Done! When you launch Zpy, this modules will be imported automatically. Let’s try evaluate something.

(Zpy) np.arange(20)
[ 0  1  2  3  4  5  6  7  8  9 10 11 12 13 14 15 16 17 18 19]
(Zpy) np.arange(20) | np.std
5.76628129734

Note Here we use np.std without input arguments, Zpy will pass z-value as 1 argument to function and evaluate it. Function will be evaluated with z parameter as argument by default, if return type of evaluation is function.

Modules

Zpy have some cool things, like modules! Modules is your own script which will be imported by default.
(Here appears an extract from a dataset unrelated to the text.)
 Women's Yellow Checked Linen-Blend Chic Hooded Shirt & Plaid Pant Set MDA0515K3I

Zpy have own zpy module.

(Zpy) zpy
<Zpy.languages.zpy.zpy object at 0x10268d2e8>

zpy is just python class, which can storage some information (like scripts). zpy Methods :

(Zpy) pwd
/path
(Zpy) cd to
(Zpy) pwd
/path/to
(Zpy) ['def square(a):','\treturn a * a'] | "\n".join(z) | cat > some_module.py
(Zpy) cat some_module.py
def square(a):
    return a * a
2)Add module to Zpy

Run zpy method add_module from zpy python module.

(Zpy) zpy.add_module("some_model","/path/to/some_module.py"
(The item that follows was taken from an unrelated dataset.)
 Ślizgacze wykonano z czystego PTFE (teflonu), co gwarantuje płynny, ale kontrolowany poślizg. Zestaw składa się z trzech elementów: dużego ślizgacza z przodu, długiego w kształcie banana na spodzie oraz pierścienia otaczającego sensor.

Or edit zpy.conf file - add name and py file location to [MODULE] section :

....
[MODULE]
....
some_model = /path/to/some_module.py

zpy.conf

And try evaluate method from some_module

(Zpy) some_module.square(4)
16
3)Processing input from pipe

Passing pipe output to your module function - really easy. You just need declare zpy_input in your function argument list :

def square(a):
    return a * a
def square_from_pipe(zpy_input):
   return square(zpy_input)

some_module.py

(Zpy) 12 | some_module.square_from_pipe
144

Also, we can use currying if we want implement pow function, we should pass 2 variables - base value and exponent value. But pipe can send only 1 variable, we can pass them as string array and parse them inside our function OR we can use carrying,

import math
def square(a):
    return a * a

def square_from_pipe(zpy_input):
   return square(zpy_input)
   
def power(base, exponent=None):
    if exponent is None:
        def currying_function(zpy_input):
            return math.pow(base, zpy_input)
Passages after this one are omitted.